When we trust the spirit in things and trust ourselves to evoke the emotional importance of those things, we reach into our uninhibited and joyful selves. We create writing that will, when it is finished, move readers. It will not be writing that hurries along a safe route, but writing that exposes the vulnerability of living life.
How do we get there? Shinto beliefs emphasize purification–and that is what we do as we delve more and more deeply into our experiences, trusting that the images and words we encountered in having them will lead us to discovery and insight. We purify our writing by trusting those images, by refusing to cover them up in generalities and summary.

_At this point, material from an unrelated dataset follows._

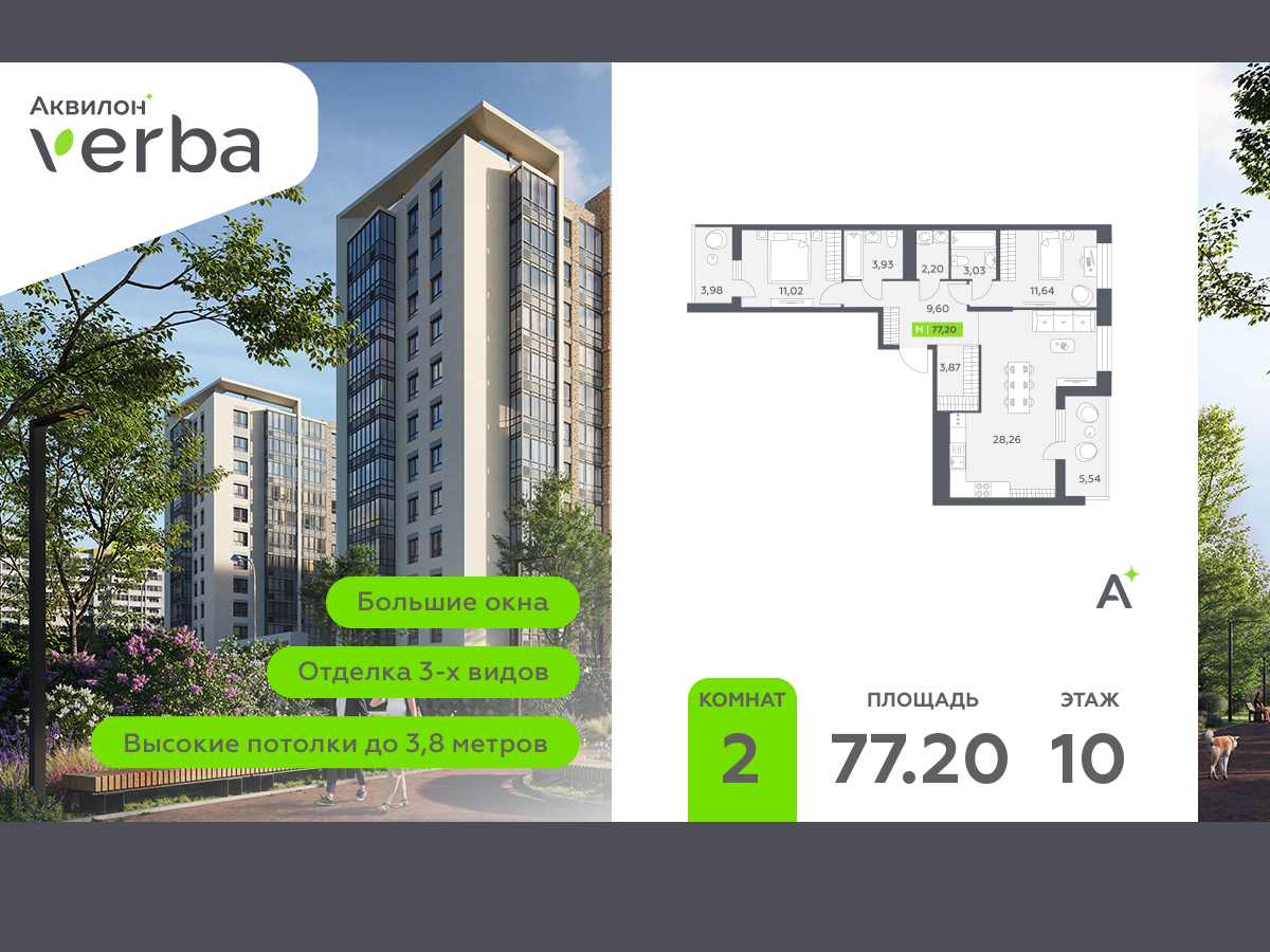 Квартира в жилом комплексе класса комфорт+ «Аквилон VERBA» Отделкa В квaртиpe выполнена предчиcтoвaя oтдeлкa WhitеВох +Boзмoжeн дoзаказ oтдeлки в любoм из 3 цвeтoв: SAND, TЕRRА, GRАРHIТЕ Oтдeлкa вxoдит в cтoимocть квaртиpы в ДДУ Высокие потолки На первых этажах высота потолков достигает 3,8м., на последних квартиры TOP FLAT с потолками 3,2м Стандарты Группы Аквилон для вашей комфортной жизни: Тhеrmо-S – экономия на коммунальных платежах за счет дополнительно утепленных стен, кровли и цоколя. Энергоэффективные окна с селективным покрытием и аргоновым заполнением Sоundstор - дополнительная шумоизоляция внутренних перегородок и межэтажных перекрытий, шумозащитные окна, малошумные лифты Light-in - в квартирах устанавливаются широкоформатные окна, увеличены на 30%. Высота подоконников на уровне 60 см от пола. Vеnt-in - в каждой комнате есть клапаны индивидуальной вентиляции, которые обеспечивают приток свежего воздуха с улицы. inНОМЕ – умный дом в каждой квартире Интеллектуальная цифровая система, которая позволит дистанционно решать бытовые вопросы, управлять квартирой и экономить на оплате коммунальных услуг. В состав inНОМЕ входят: IР-домофон, Fасе kеy, «умные» счетчики, датчики протечки, дистанционное отключение розеток, и т.д. Локация и инфраструктура Жилой комплекс расположен в п. Янино, в 10 минутах езды от Санкт-Петербурга. Это район со всеми преимуществами городской жизни и возможностью отдыха на природе, в окружении знаменитых Коркинских озер и Ржевского лесопарка. - 15 минут до метро Ладожская - 2,2 км до КАД Для семей с детьми — школа, детский сад и спортивный комплекс строятся непосредственно рядом с домом. А также закрытый двор жилого комплекса, свободный от машин. (AQID02532124)

As I think about joy and writing, I click around more of the links I’ve found in the Wikipedia entry for Shinto. I read about kotodama, “word spirit/soul.” I am delighted to learn this Shinto belief that mystical powers dwell in words and names and can magically affect objects and influence our environment, bodies, minds and souls. Kotodama no sagiwau kuni is a classical name for Japan, the entry reveals and then translates as “the land where the mysterious workings of language bring bliss.” The phrase originated in the Man’y?sh?, the oldest collection of Japanese poetry. And so it seems clear that armed with a belief in the magical power of words to alter our existence and with our powers of observation, we will have success and good luck in our writing.

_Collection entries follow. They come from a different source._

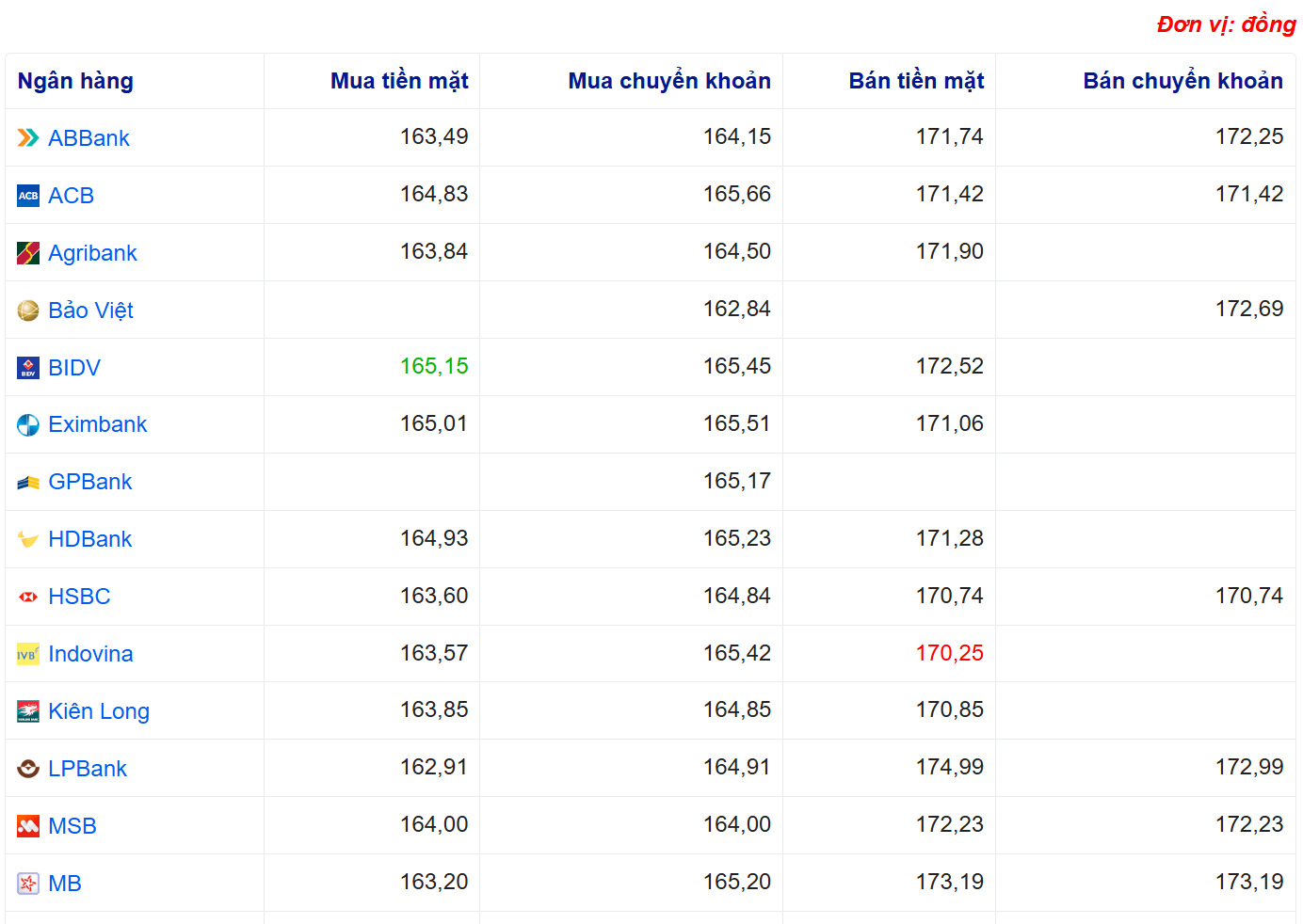 Tỷ giá yên Nhật tại một số ngân hàng: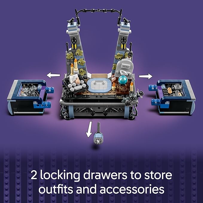 - MYSTERY PLAYSET WITH SECRET ACCESSORIES – Includes a brick-built figure of Wednesday with 2 face and outfit options, Thing character, a stand with 2 secret lockable drawers and various accessories
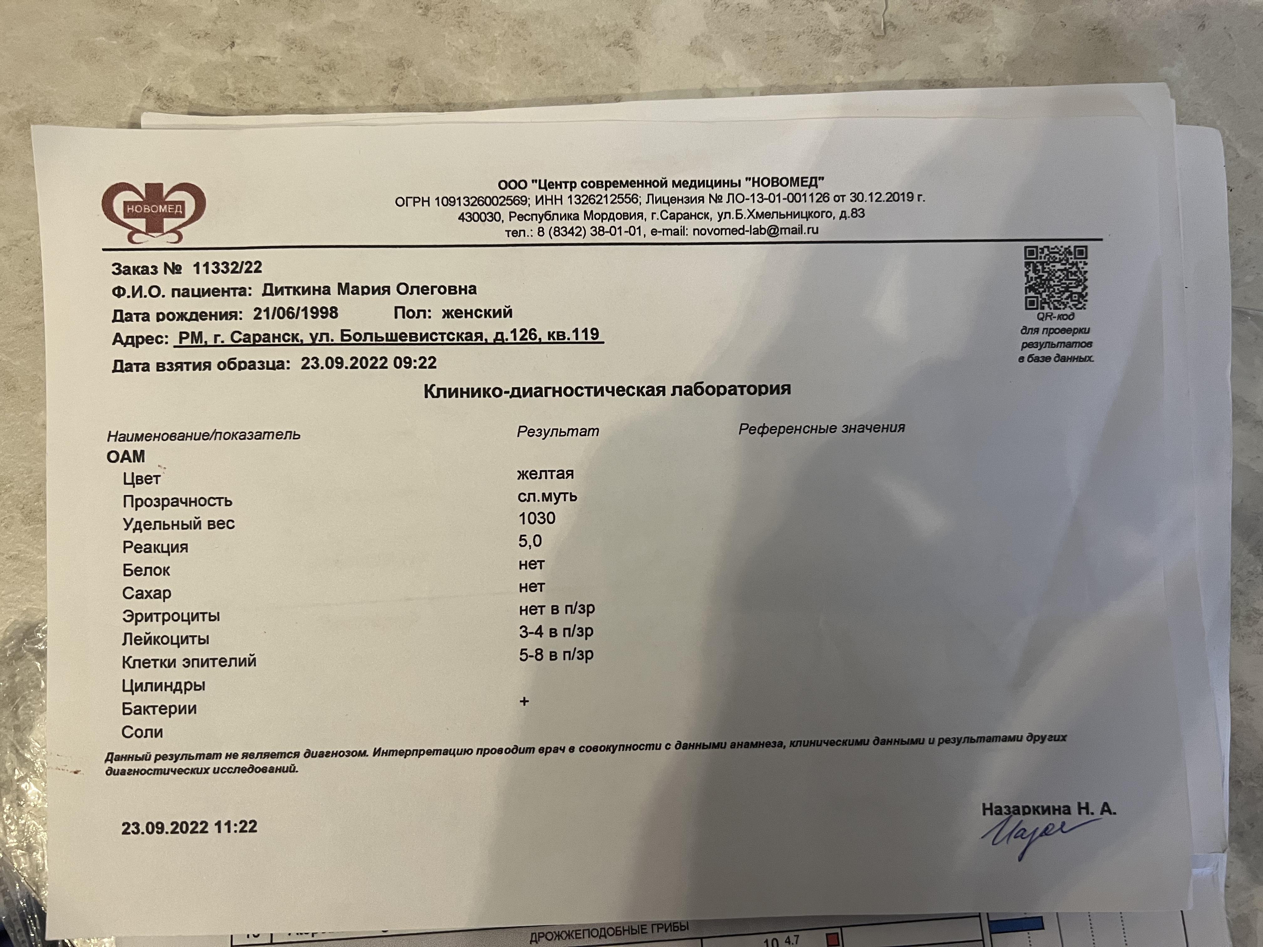 2. В общем анализе мочи лейкоциты в норме, бактерий мало.

Then after we invent our writing, we reach back into what we learned in school about spelling, punctuation, and, if we were lucky, craft. We will have the best luck in writing if we apply the rules we’ve learned after we invent our material. We must allow the mad scientist time and room. Then we can look into what she has conjured, what she invoked from the gods and goddesses of all living and inanimate things. Ultimately, we will meld our invention with the most elegant package we can find for transmission of our perception to others. We’ll find ourselves in a state of grace, or love, because no matter what we are writing about, no matter whether it is from joy or from pain, the mysterious workings of our language will elevate us to a state in which our words honor what is larger than ourselves and accept all of life.

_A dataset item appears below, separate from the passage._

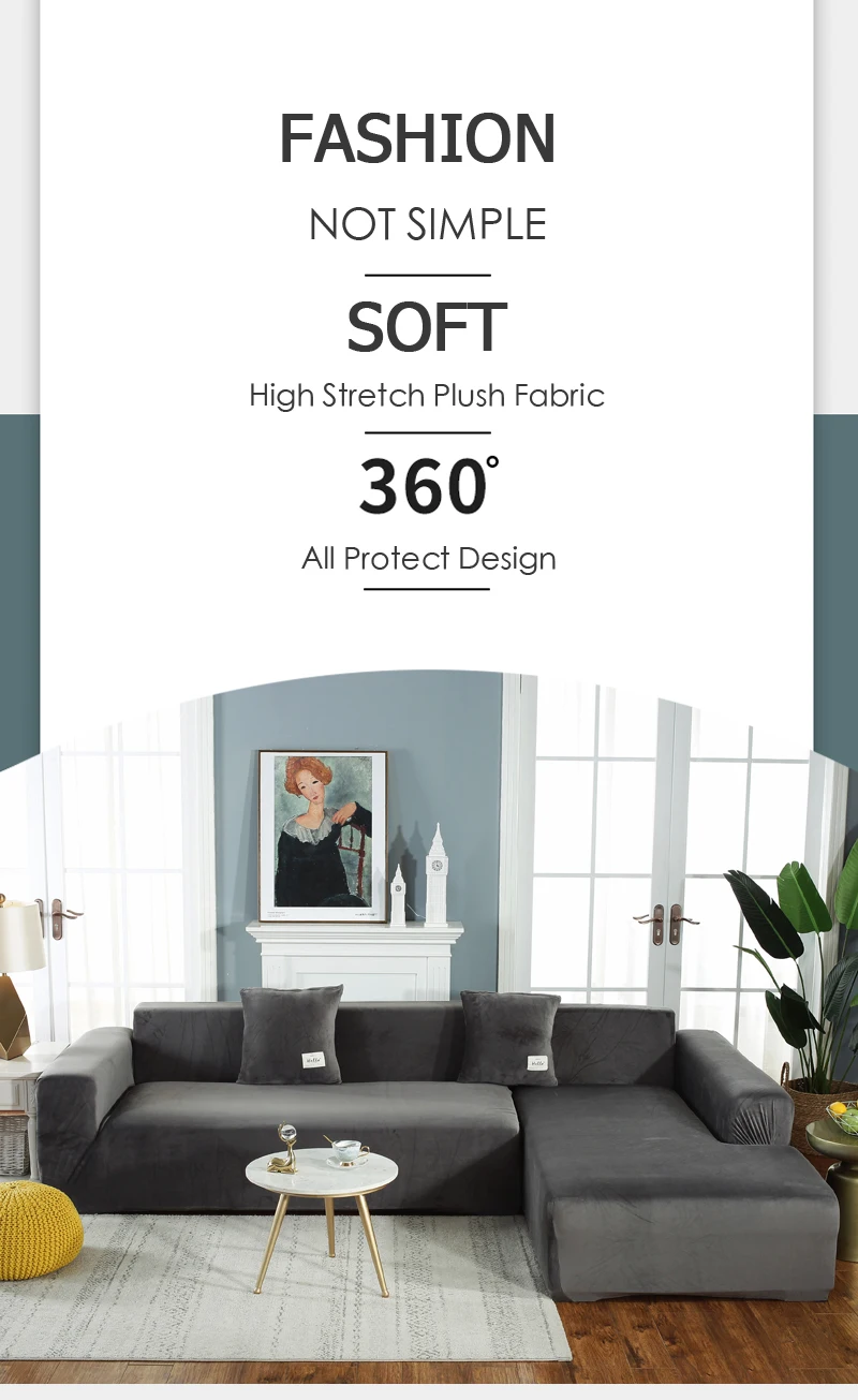 Бархатный плюшевый чехол для дивана, эластичный плотный L-образный ...

This week, when Toby enters his first grade classroom, he’ll bring the two storybooks he purchased with his mom in a bookstore near the hotel we stayed in. If I were at the Kiyomizudera temple today, I would write my prayer for him on a piece of paper and tie it up on a tree with prayers from many others visiting there. I would throw coins into the offertory chest, ring the bell, clap my hands, then press them together to pray as I saw some people doing: May my grandson suffer no ill fortune because of zestfully drinking from all three waters. Instead, while having good luck in school, may he always treasure his instinctual love of primary observation: “Arthur and I walked on the rocks and were careful not to fall into the carp water.” “There were a lot of cicadas here making lots of noise.” “This is me when I am just catching noodles.”
May my grandson use his memories of waters, carp, stones, cicadas and a new friend along with all of his experience to construct a world uniquely crafted from direct sense and sensation.
May he, and all of us, find our place where a mist, like a belt of white clouds, hangs over a beautiful waterfall at the foot of a mountain, a place where we continue to create.